Surface functionalized MXene ink-enabled washable smart e-textiles with exceptional gas sensing properties

Abstract

Electronic textiles (e-textiles) that sense physical stimuli and toxic gases, exhibit Joule heating capabilities, and enable information transmission hold great promise for advancing personalized healthcare. Titanium carbide MXene, Ti3C2Tx (Tx = -OH, -O, -F, etc.), has shown huge potential for creating such e-textiles owing to its twodimensional morphology, high electrical conductivity, reactive surface characteristics, and facile integration into textiles by solution-based approaches. However, MXene nanosheets' poor oxidation stability and weak adhesion to textile fibers raise concerns about MXene-based e-textiles' washing durability. Further, the toxic gas sensing abilities of MXene-based e-textiles have hardly been realized. To overcome these challenges, MXene surface is functionalized with dopamine-conjugated carboxymethyl cellulose ligands (CMC-DA-MXene), which protect MXene from oxidation and initiate strong adhesive interactions with textile fibers. Despite the presence of CMC-DA intercalants, the CMC-DA-MXene nanosheet assemblies maintain good electrical conductivity; as a result, etextiles exhibited excellent Joule heating and tactile/flex sensing properties.

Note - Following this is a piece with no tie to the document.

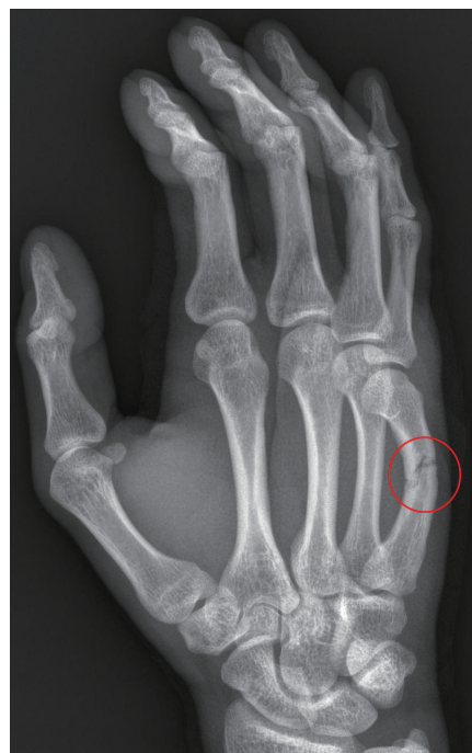
Fig. 1. Preoperative X-ray of the first fracture event. The X-ray shows the fracture of the fifth metacarpal bone shaft of the left hand (red circle).

A 30-year-old male visited Bucheon St. Mary's hospital with a swelling on his left hand after a slip-and-fall injury. He was diagnosed with a left fifth metacarpal bone fracture by hand computed tomography (CT) and X-rays (Fig. 1). The first operation was performed 8 days after the injury, and open reduction was performed. To stabilize the fracture segments, a bioabsorbable plate and screws (Linvatec Biomaterials Ltd., Tampere, Finland) were used for internal fixation. Although the 1-year follow-up was uneventful, the patient visited us with swelling on the previous operation site. Physical exam showed just the swelling of the soft tissue of the operation site without any fluctuation, heat, or erythema. We recommended further evaluation such as an imaging study, but the patient refused to undergo it. Therefore, we decided to observe the patient without administering any medication because there was no evidence of infection. Four months later, the patient visited us again because of another trauma at the same site. Physical examination, CT, and X-rays were conducted, and the patient was diagnosed with a refracture of the fifth metacarpal bone with increased soft tissue swelling as compared to when we first noticed it 4 months previously (Figs. 2, 3). We

Additionally, the unique ability of CMC-DA ligand to selectively interact with NO2 gas molecules and humidity through the catechol head and carboxymethyl cellulose tail, respectively, enables the incorporation of NO2 and humidity sensing capabilities into CMC-DA-MXene e-textiles. The gas/humidity sensing mechanism is explained using density functional theory calculations. Overall, the results provide a foundation for realizing multifunctional MXene-based e-textiles that are oxidation-resistant and washable.